— DATASET EXTRACT —

++++++++++++++++++++

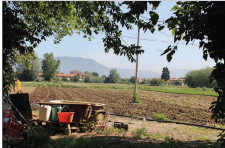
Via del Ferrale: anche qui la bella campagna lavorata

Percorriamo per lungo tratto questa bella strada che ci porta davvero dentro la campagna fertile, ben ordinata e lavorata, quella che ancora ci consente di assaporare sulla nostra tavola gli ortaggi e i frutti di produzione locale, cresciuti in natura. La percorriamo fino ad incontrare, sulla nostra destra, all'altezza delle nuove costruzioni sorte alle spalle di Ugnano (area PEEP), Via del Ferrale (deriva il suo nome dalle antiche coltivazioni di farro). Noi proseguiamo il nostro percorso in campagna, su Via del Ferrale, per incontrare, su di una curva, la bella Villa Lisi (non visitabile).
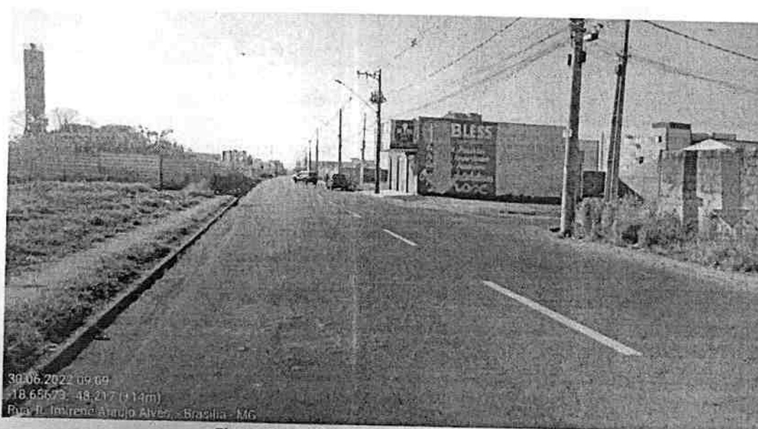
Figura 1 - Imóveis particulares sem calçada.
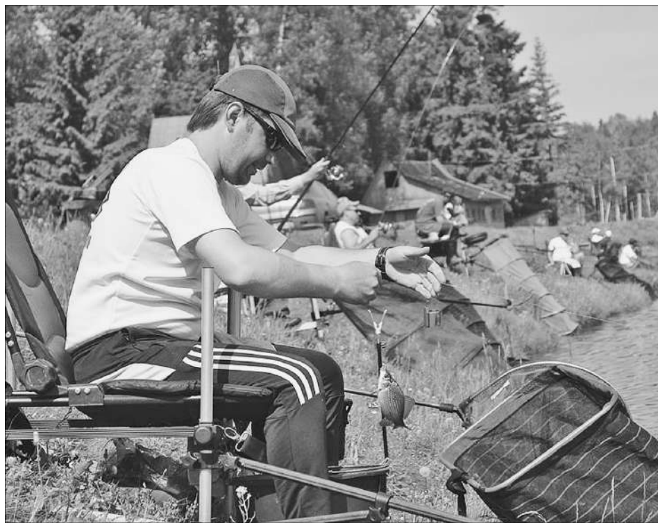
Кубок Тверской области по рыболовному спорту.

++++++++++++++++++++

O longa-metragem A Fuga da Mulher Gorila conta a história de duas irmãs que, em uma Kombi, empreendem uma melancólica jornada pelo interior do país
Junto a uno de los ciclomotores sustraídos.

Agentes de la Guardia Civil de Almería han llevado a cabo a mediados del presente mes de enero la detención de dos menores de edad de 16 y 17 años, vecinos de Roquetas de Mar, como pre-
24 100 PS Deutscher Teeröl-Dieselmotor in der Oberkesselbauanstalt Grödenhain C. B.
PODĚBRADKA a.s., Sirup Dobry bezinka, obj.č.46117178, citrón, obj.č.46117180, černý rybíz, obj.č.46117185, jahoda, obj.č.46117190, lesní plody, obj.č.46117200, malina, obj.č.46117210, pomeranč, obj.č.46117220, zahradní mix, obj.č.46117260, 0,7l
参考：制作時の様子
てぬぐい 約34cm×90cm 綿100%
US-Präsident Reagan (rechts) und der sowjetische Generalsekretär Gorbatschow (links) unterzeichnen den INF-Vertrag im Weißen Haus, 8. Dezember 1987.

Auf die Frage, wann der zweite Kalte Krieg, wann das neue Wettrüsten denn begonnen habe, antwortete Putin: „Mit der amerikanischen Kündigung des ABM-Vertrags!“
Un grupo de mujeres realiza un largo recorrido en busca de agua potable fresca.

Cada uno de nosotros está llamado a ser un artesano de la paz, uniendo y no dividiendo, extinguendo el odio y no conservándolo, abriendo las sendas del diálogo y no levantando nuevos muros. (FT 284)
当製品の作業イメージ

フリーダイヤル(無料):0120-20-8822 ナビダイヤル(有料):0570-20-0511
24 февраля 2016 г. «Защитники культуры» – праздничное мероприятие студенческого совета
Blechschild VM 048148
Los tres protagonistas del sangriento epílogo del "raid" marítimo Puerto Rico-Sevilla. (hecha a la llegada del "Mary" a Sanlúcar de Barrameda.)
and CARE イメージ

++++++++++++++++++++

— THE PROBLEM —
Copy every line in the listing above where the string "bella" turns up.

— EXERCISE RESULT —
Via del Ferrale: anche qui la bella campagna lavorata
Percorriamo per lungo tratto questa bella strada che ci porta davvero dentro la campagna fertile, ben ordinata e lavorata, quella che ancora ci consente di assaporare sulla nostra tavola gli ortaggi e i frutti di produzione locale, cresciuti in natura. La percorriamo fino ad incontrare, sulla nostra destra, all'altezza delle nuove costruzioni sorte alle spalle di Ugnano (area PEEP), Via del Ferrale (deriva il suo nome dalle antiche coltivazioni di farro). Noi proseguiamo il nostro percorso in campagna, su Via del Ferrale, per incontrare, su di una curva, la bella Villa Lisi (non visitabile).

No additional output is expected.